Lottery-ticket fate-tempting in Ithaca

If you had just bought a lottery ticket, would you be willing to swap it? If you’re like most people, the answer would be an emphatic ‘No’. But why? Given that a properly-run lottery is an entirely random affair, mathematical theory dictates that your chances of winning won’t change whether you swap or not.*
Academia has tackled this question before, but recently, Jane L. Risen, now Assistant Professor of Behavioral Science at the University of Chicago Booth School of Business and Thomas D. Gilovich, Professor and Department Chair of Psychology at Cornell University, New York, decided to take another look.

A group of four controlled studies undertaken at Cornell experimentally investigated why owners of lottery tickets appear reluctant to trade them in for a different ticket, even when they are offered an incentive for doing so. “Two explanations for this reluctance have been offered.” explain the team. “First, people may refrain from taking such actions because of anticipated regret: They know that they will feel worse if their action leads to an undesirable result than if their inaction does Thus, they avoid acting to avoid kicking themselves for a particularly painful mistake.” And/or secondly : “…people may believe that the odds of achieving a favorable outcome are better if they stay where they are than if they make a switch.”
The results of all four studies (involving 301 participants) confirmed (again) that people are reluctant to swap tickets. And the professorial team offer an explanation :

“We contend that the elevated perceived likelihood of an exchanged ticket winning is due to the tendency to entertain the painful possibility that the exchanged ticket will win.”

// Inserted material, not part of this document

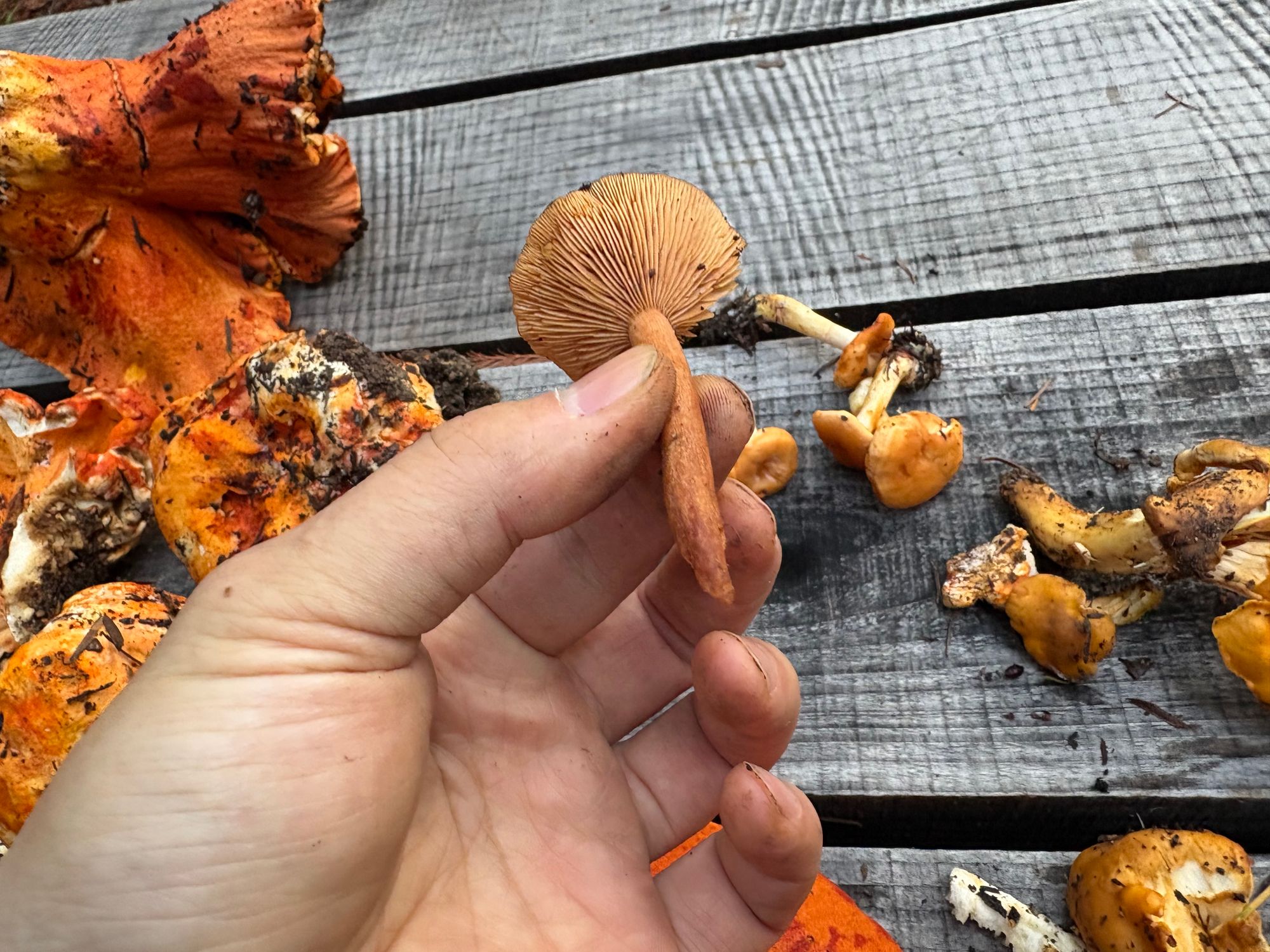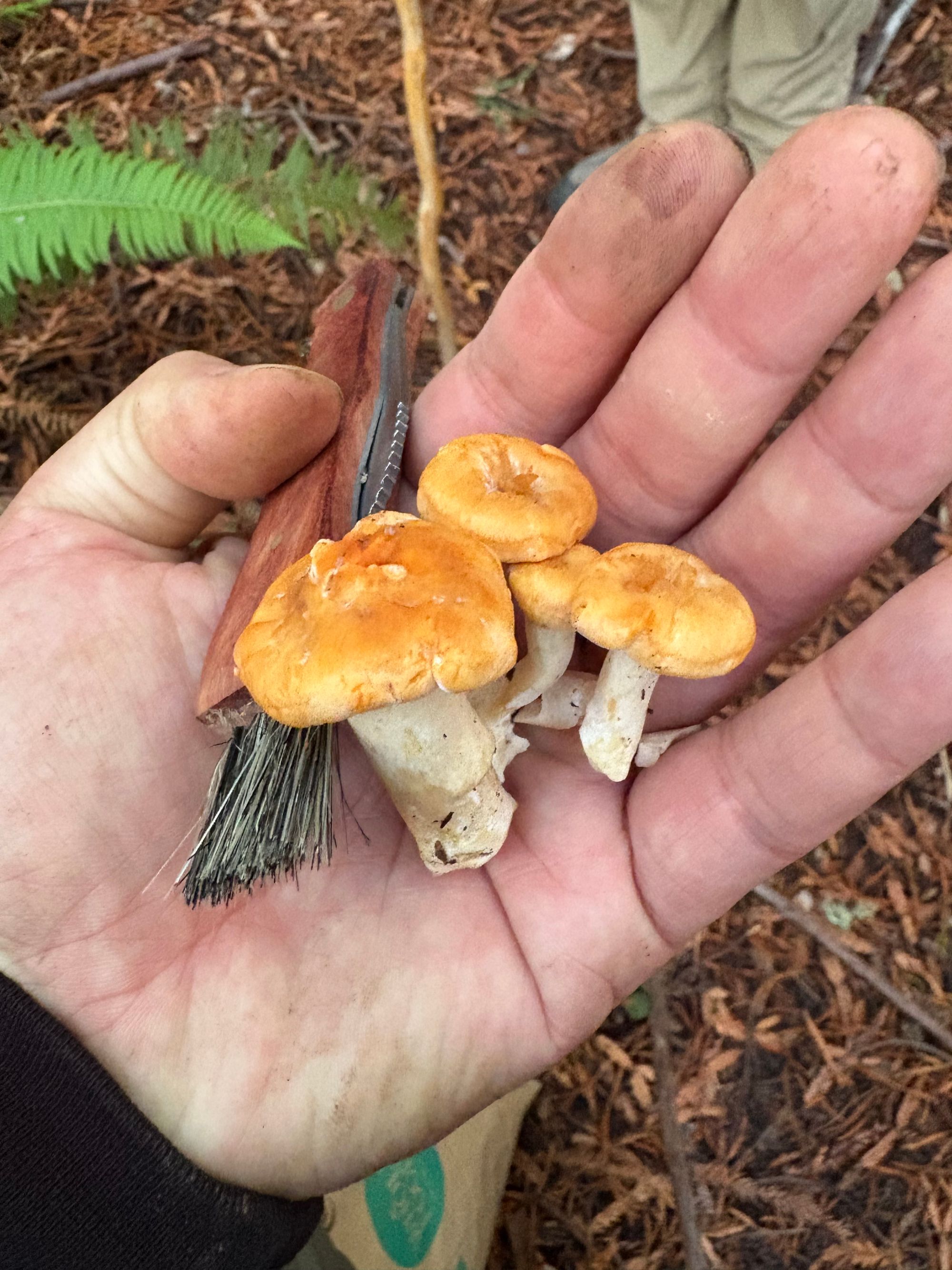 hedgehog mushroom, could be huge, david. catherine mentioned they are mycohrizial with huckleberry.

But with the proviso, perhaps hinting at further research possibilities :

“Do people really believe that a lottery ticket is more likely to win if they give it up? Yes and no.”

See: Risen, J.L., & Gilovich, T. (2007). Another look at why people are reluctant to exchange lottery tickets. Journal of Personality and Social Psychology, 93, 12-22.
Also of Note : Professor Gilovich has previously featured in the the archives of Improbable Research for his contributions to the paper ‘When Less is More: Counterfactual Thinking and Satisfaction Among Olympic Medalists,’ V.H. Medvec, S.F. Madey, T. Gilovich, Journal of Personality and Social Psychology, vol. 69, no. 4, October 1995, pp. 603-10.

*Could any ‘random walk’ theorists confirm this for us? Many thanks, Martin G.